Senior female MPs pressuring government to publish gender breakdown of political candidates

Senior female MPs are planning a bid to force political parties to publish the gender breakdown of candidates amid warnings the government is turning “a blind eye” to the lack of diversity in Westminster.

Campaigners want to step up pressure on the government to enact equality legislation that would oblige political parties to report what proportion of their parliamentary candidates are women.

Record numbers of female MPs were elected last year but women still only account for 32 per cent of MPs, while 26 per cent of peers are women and 32 per cent of local councillors in England.

Cross-party MPs, including Tory former minister Nicky Morgan, Liberal Democrat deputy leader Jo Swinson and shadow equalities minister Dawn Butler, believe recent gender pay gap reporting requirements for big businesses have paved the way for greater transparency in politics.

The group hopes to capitalise on Theresa May’s wafer-thin parliamentary majority by putting forward an amendment to upcoming legislation, a strategy which has proved successful on backbench campaigns such as allowing women in Northern Ireland to access abortions on the English NHS.

“The arithmetic of this parliament is such that it is easier, they can’t just brazen through in the way that previous governments would have been able to,” said Ms Swinson, a former minister in the coalition government.

She told an event in Westminster: ”If parliament was more reflective of society in terms of gender and race and disability and class and all of these different characteristics where it is currently far too homogenous, we would have a parliament that would be more legitimate in the eyes of the public.

“I think part of that legitimacy would just be how it would look when you turned on the television or you opened a newspaper, it would look more like the Britain we live in, and it doesn’t currently.”

Ms Morgan, who chairs the Treasury committee, said gender pay gap reporting “concentrates minds” and could be successfully applied to political parties.

Asked why the government has been slow to enact the legislation, she said: ”I don’t know what the blockage is.

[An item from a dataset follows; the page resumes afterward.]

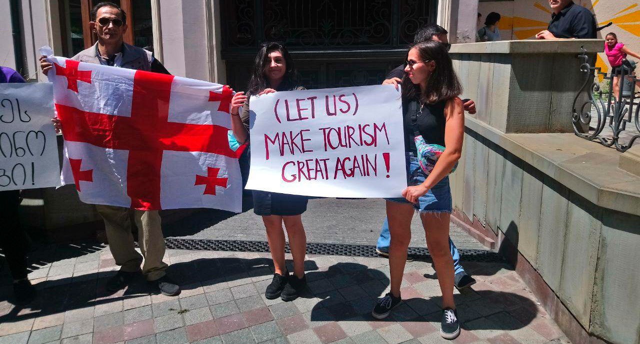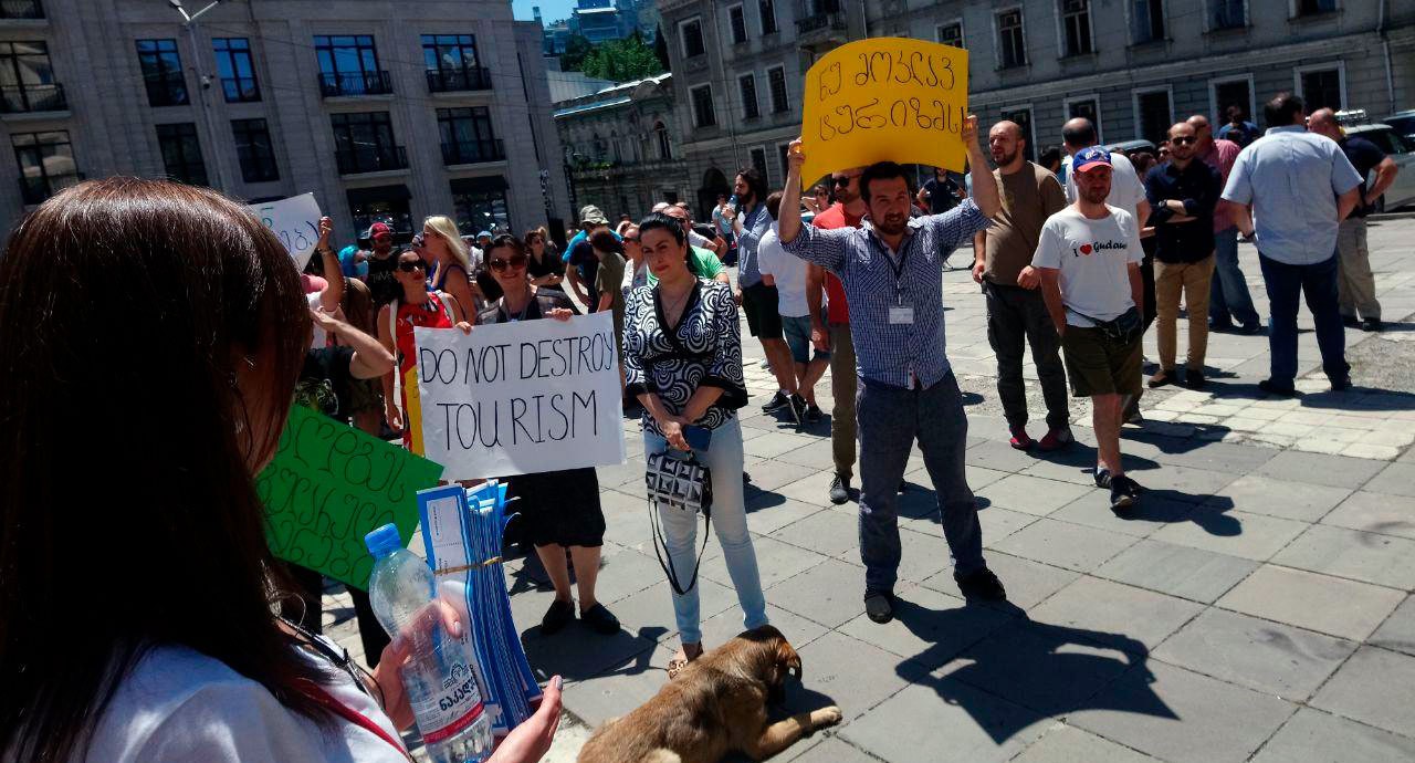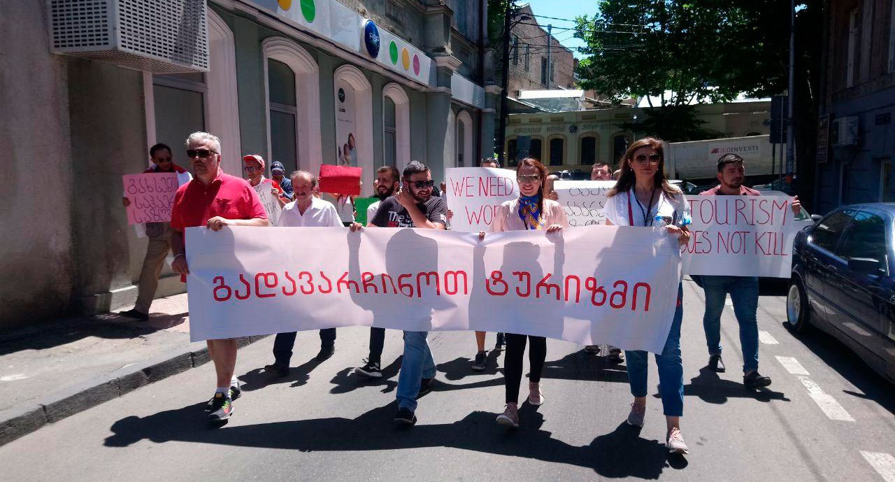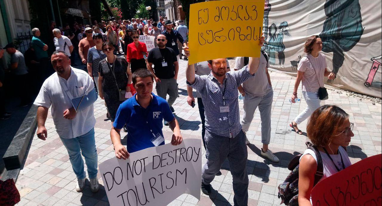 Представители туристических компаний Грузии 15 июля провели митинг в Тбилиси с требованием открыть авиасообщение со странами-источниками турпотока. Из-за ограничений по коронавирусу сфера туризма в Грузии оказалась на грани банкротства. Участники акции начали мероприятие в центре туристической части Тбилиси – на улице Иоанэ Шавтели, после чего прошли маршем к зданию Госканцелярии, где провели митинг. Туркомпании требуют, чтобы были открыты границы с теми странами, в которых ситуация с пандемией коронавируса взята под контроль, большинство из них – это страны Евросоюза. При этом о наземных границах речи пока не идет, поскольку в соседних с Грузией странах ситуация по коронавирусу очень нестабильная. Как проходила акция с участием порядка 300 представителей турбизнеса Грузии, в фоторепортаже корреспондента «Кавказского узла» Беслана Кмузова

I don’t think it’s necessarily a disagreement with it overall, I think there is definitely a lack of time.

“But given what we are doing at the moment... I can think of far more productive things we could be doing that hanging about waiting for Brexit deals and everything else.

“I think there is also a sort of, ‘Oh well is it for government or parliament to tell parties what to do?’ and that’s true up to a point.

“But on the other hand we are telling companies of all sizes and organisations that they need to publish gender pay, so I think we have breached that now.”

Labour’s Ms Butler backed the calls but urged a greater focus on intersectionality, to increase the number of female BME, disabled and LGBT+ MPs.

She said: “That data should already be there because if it is not, it means the party is not really committed because if they are not monitoring, how will they know if they have improved?

“So if the parties are not collecting that data, that means they are not taking the situation seriously anyway.”

The calls are being led by the Centenary Action Group, a coalition of more than 100 women’s rights activists and politicians, which wants to capitalise on the anniversary of some women getting the vote to bring about change.

Convenor Helen Pankhurst, the great grand-daughter of the suffragette Emmeline Pankhurst, said: “The government must demand transparency in politics, in parallel to initiatives like the gender pay gap reporting requirements demanded of large companies.

“We can no longer turn a blind eye to who is being selected into office and just as importantly who is not.

“A simple way of improving representation through greater accountability is available – it just needs to be put in place by the Minister for Women and Equalities – this year, on this momentous centenary.”

The Equality Act was passed in 2010 under the Labour government but section 106 of the act, which covers transparency, has never been enacted.

A Government Equalities Office spokesperson said: “This Parliament is the most gender and LGBT diverse ever, but there is still more to do.

“The Government Equalities Office continues to work on supporting groups to participate in politics.”